I tend to disagree. Majkel's been spot on when he describes the sound of opamps. I also think he could be right regarding the use of TLE2426 as rail splitter. I've done some experiments, but it's too early for me to speak out my findings. Maybe it's not so transparent in this position as we like to think.

 I have no experience from capacitor sound except for standard WIMA film caps, BlackGate HiQ and Sanyo WX, so I'm following this thread with interest.


----------



## tomb

Quote:


  Originally Posted by *NelsonVandal* /img/forum/go_quote.gif 
_I tend to disagree. Majkel's been spot on when he describes the sound of opamps. I also think he could be right regarding the use of TLE2426 as rail splitter. I've done some experiments, but it's too early for me to speak out my findings. Maybe it's not so transparent in this position as we like to think.

 I have no experience from capacitor sound except for standard WIMA film caps, BlackGate HiQ and Sanyo WX, so I'm following this thread with interest._

 

Sure, we all have our opinions, but let's just say that when someone says they've "_never heard a good sounding Nichicon_," it tends to invalidate the rest of their statements.


----------



## Seaside

Never say never, since there might be few exceptions that you will never know. Oops, did I say never?
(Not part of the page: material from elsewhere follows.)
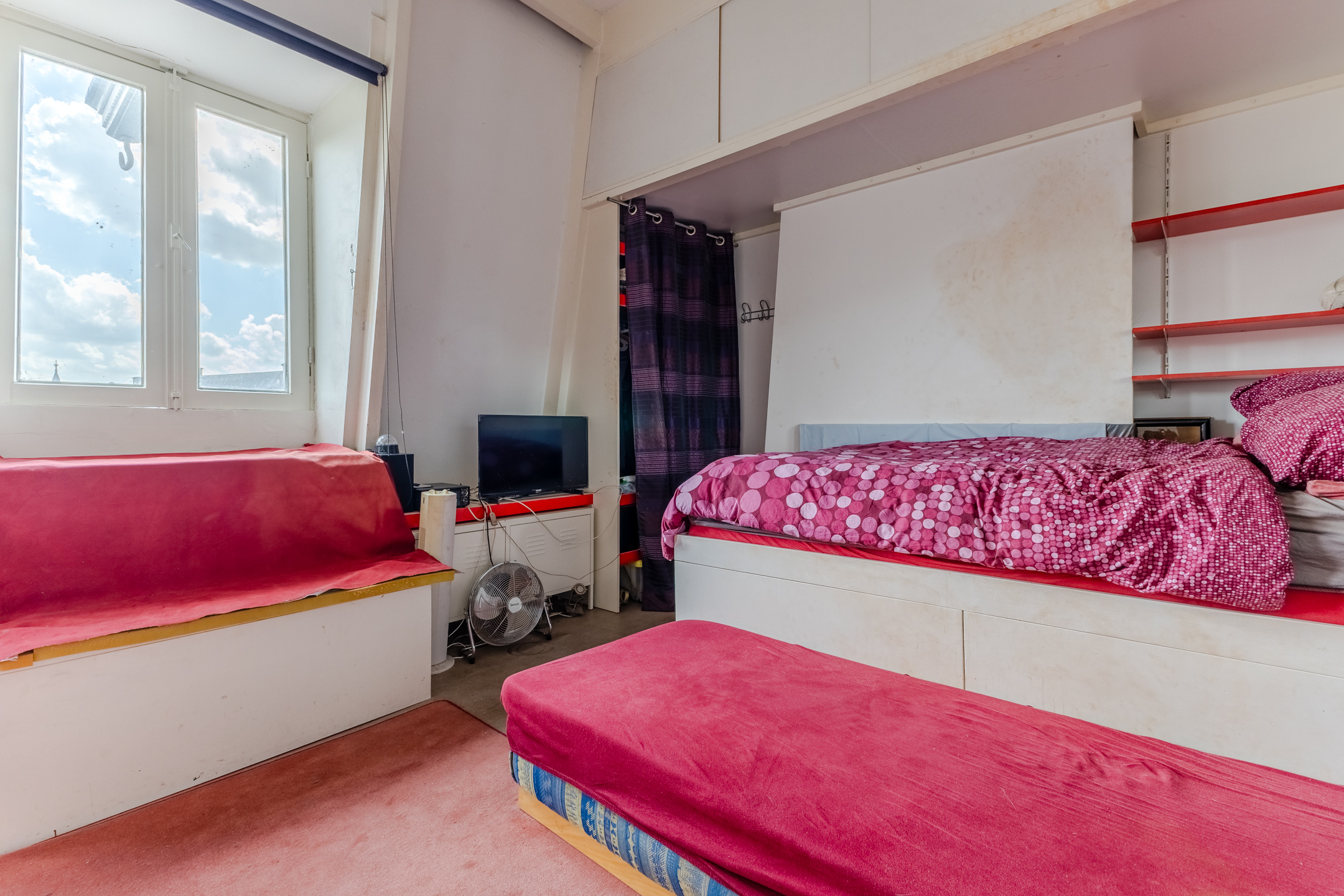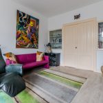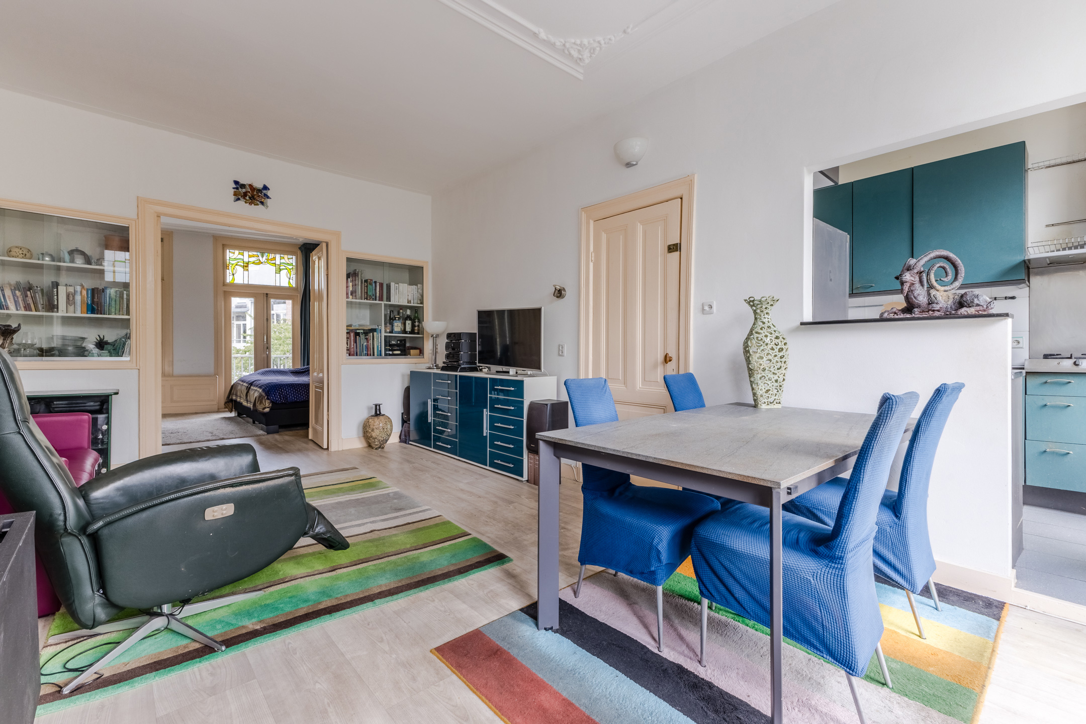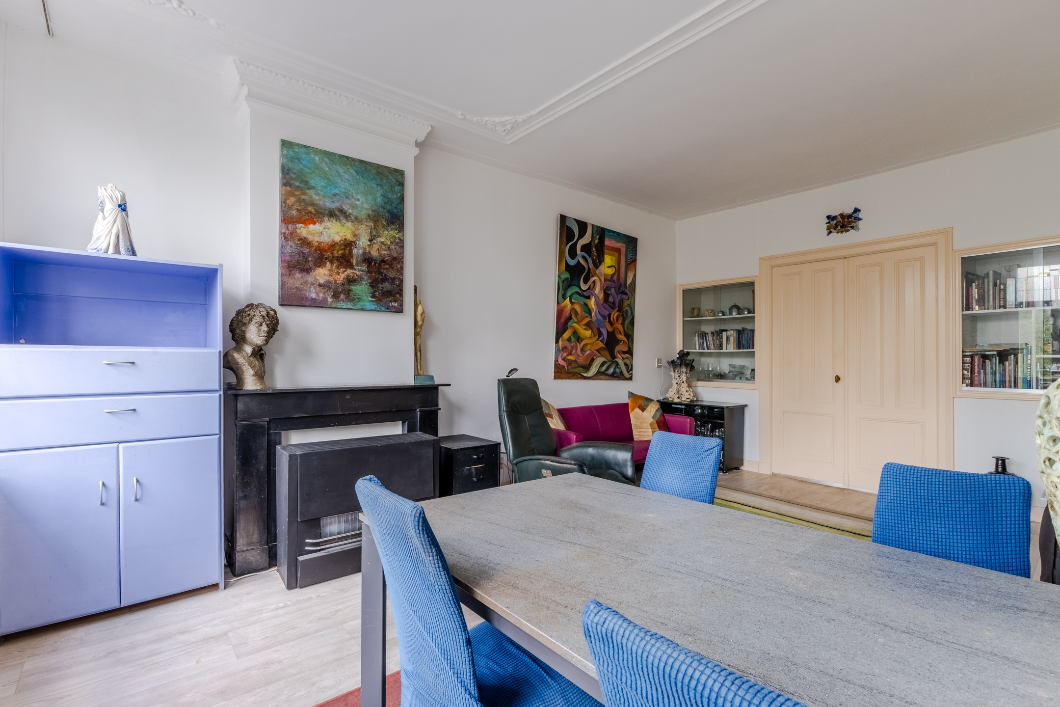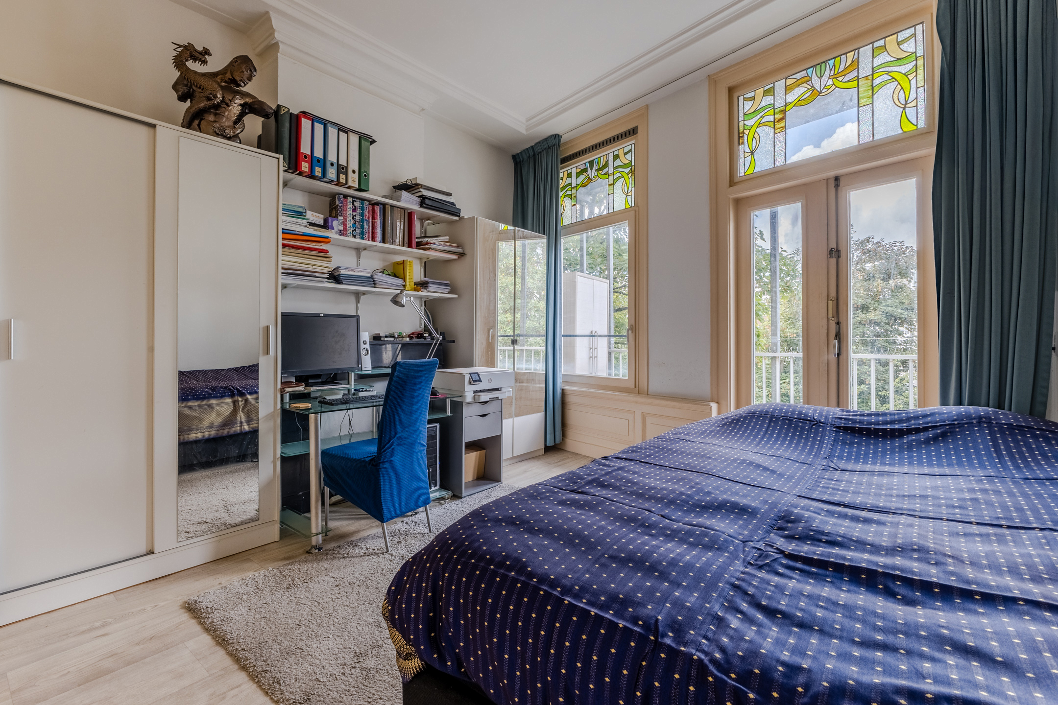 The apartment still features authentic details, such as stained glass windows and an ornamental ceiling. In the spacious living room you will find beautiful PVC flooring (2015). The large windows and balcony doors provide pleasant natural light. There is a gas heater in the living room. The living room opens onto a south-facing balcony, which offers a beautiful view over the water.

 Anyways, to OP, I like elna silmic II.


----------



## stixx

Sanyo Os-Con as cathode bypass cap...


----------



## kirimaru

I have used all blackgates,audio grade nichicon and elna,the nichicon muse kz is the best performance/value after blackgates.


----------



## vixr

uh...I'm not qualified to post here. (thought I was for a second there)


----------



## compuryan

I have Nichicon Muze in my amp and they kick!


----------



## rds

I think it's best to just post possible equivalents rather than trying to find a best replacement.
 This stuff is completely subjective - there will never been a consensus.


----------



## Bismar

Burp.


----------



## slowpogo

Elna Silmic II is not that great to me. Acoustic instruments have more character and color, but in the context of a bunch of them playing at once, things get muddy. People say it's "warm" but I just hear "muddy." I prefer the Cerafine, which has very good timbre reproduction and nice midrange but is crisp and open like Black Gates.


----------



## QQQ

What can you say about panasonic caps? I think they're pretty good.


----------



## adamus

bypassing a CSS in my valve amp (el84 pp) i actually used the following: 250uf blackgate + 1000uf Silmic + 1uf wima film. 
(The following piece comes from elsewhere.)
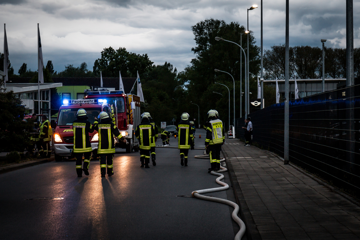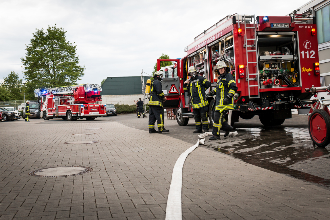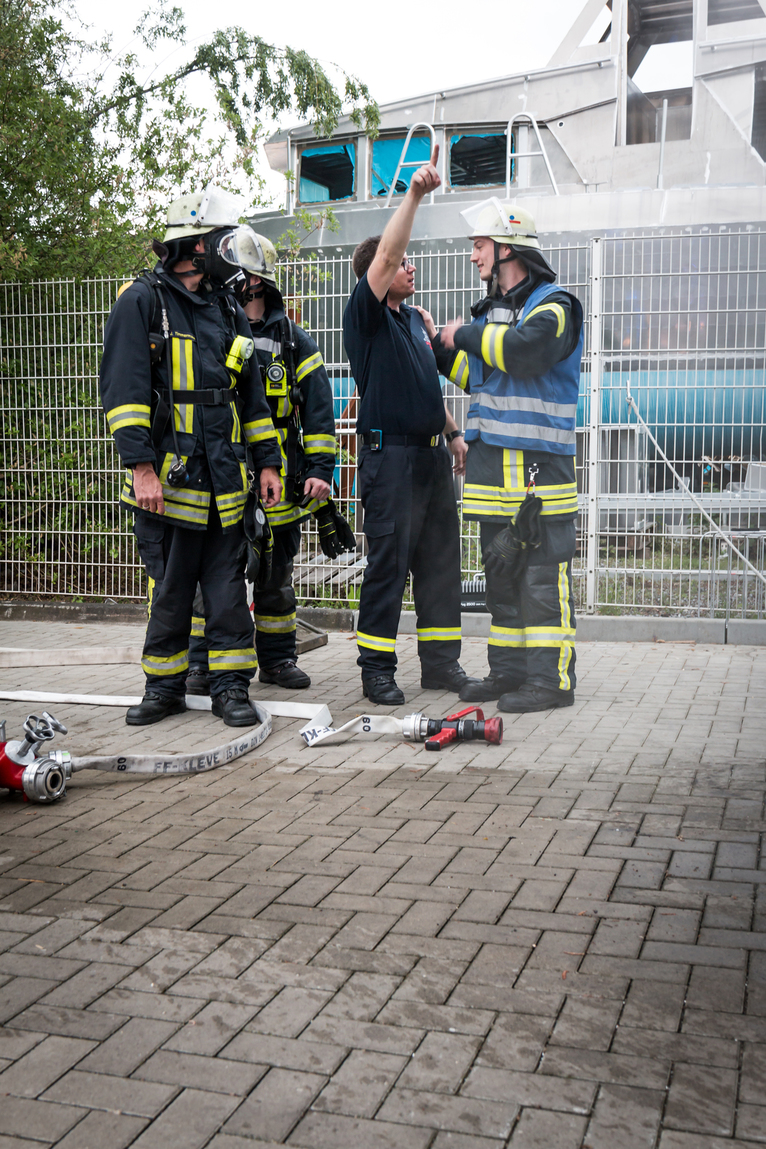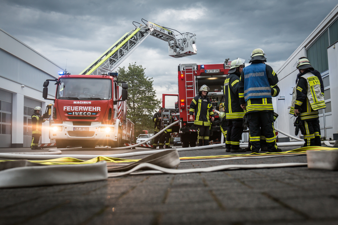 „Einsatz für die Löschzüge Kleve und Nütterden – Brand in einer Kfz-Werkstatt – 4 vermisste Personen“ – so könnte die Alarmierung der Feuerwehr gelautet haben. Normalerweise rücken diese Löschzüge selten gemeinsam aus, aber hier handelte es sich um eine Übung, die von befreundeten Mitgliedern der freiwilligen Feuerwehren Kleve und Kranenburg organisiert wurde.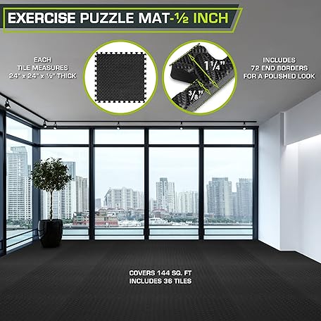 Thông tin sản phẩm ProsourceFit Puzzle Exercise Mat ½ in, EVA Interlocking Foam Floor Tiles for Home Gym, Mat for Home Workout Equipment, Floor Padding for Kids, Black, 24 in x 24 in x ½ in, 144 Sq Ft - 36 Tiles

 first 10 hrs it was lovely, crisp, deep bass but still deifned. 
 Then 10-40hrs it sounded like ****, so much so i had it back on the bench for testing - it all checked out ok. it was muddy, loose, and dull.
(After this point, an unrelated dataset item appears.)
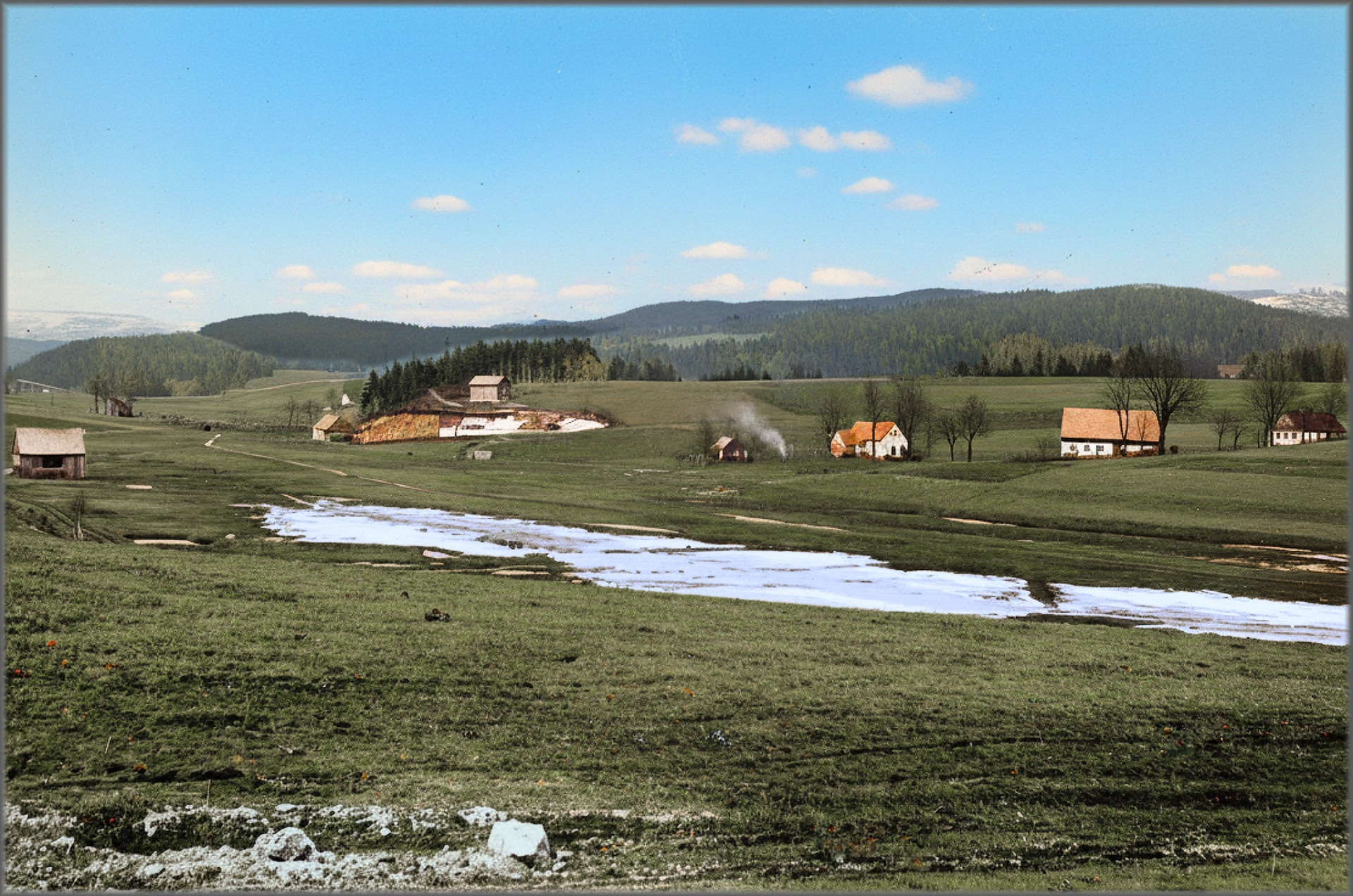 zachycuje Mšenskou louku v době, kdy ještě byla klidnou pastvinou

 then it slowly started tightening up, bass became defined, highs got crisper and with a lovely air around them. 100hrs and it it stunning. 

 So whilst blackgates may be nice.... they do require patience!!!


----------



## dsavitsk

I generally agree with most of what people have said. BG N and NX are tops. BG Std don't sound like anything special, though they are still better than the generic stuff. Panasonic FM's are pretty nice, but tend to be overly smooth and tubby and a little slow. FC's might be less sluggish, but are otherwise terrible. Muse KZs are a little better than FMs in terms of clarity and speed, but they can be a bit etchy. Silmic IIs are perhaps a better version of the FMs -- very smooth and probably my preference compared to the KZs. Cerafines are somewhere in there, but have a sort of hifi-ish sound that isn't my cup of tea. Combinations can be good, as can multiples in parallel. That is, 10x 100uF FM's sounds better to me than 1x 1000uF FM. Oh, also note that BG, Muse, Silmic, Cerafine, etc. all have copper leads. Panasonic FM, FC, and the rest of the Nichicons are all magnetic.


----------



## majkel

There is no best universal electrolytic capacitor. In my DAC - BG STD are the best after voltage regulators, Elna Tonerex are the best for rail bypassing near analog stage, Elna Silmic II are the best as analog supply decoupling near the DAC chip, Sanyo WG are the best digital supplies decoupling - better than any Oscons I ever tried. Panasonic - I don't know FM, FC sucks, FG is much better, it's like a bit colder Silmic II. Elna Tonerex is the most transparent while other Elna's mentioned here are kind of "special effect" capacitors which you need to create sonic signature.


----------



## majkel

Something to enjoy from Panasonic is the PX series AKA "Pureism". Sometimes they turn out great. I tried pairing Elna Tonerex with Wima MKP but it made things noticeably worse. It is not recommended to place MKP's parallel to the audio section capacitors. You can do that in the power supply, though. MKT are another solution.


----------



## QQQ

Nice impressions, keep it up folks.


----------



## NelsonVandal

Has anyone listened to Sanyo WX, AX or OS-CON? Sanyos are the only ones readily available for me, except standard ELNA. I always use WX, but I haven't done any comparisons.


----------



## hew

Any opinions on Mundorf electrolytics?


----------



## QQQ

BC Components caps, i'd like to hear opinion on them...


----------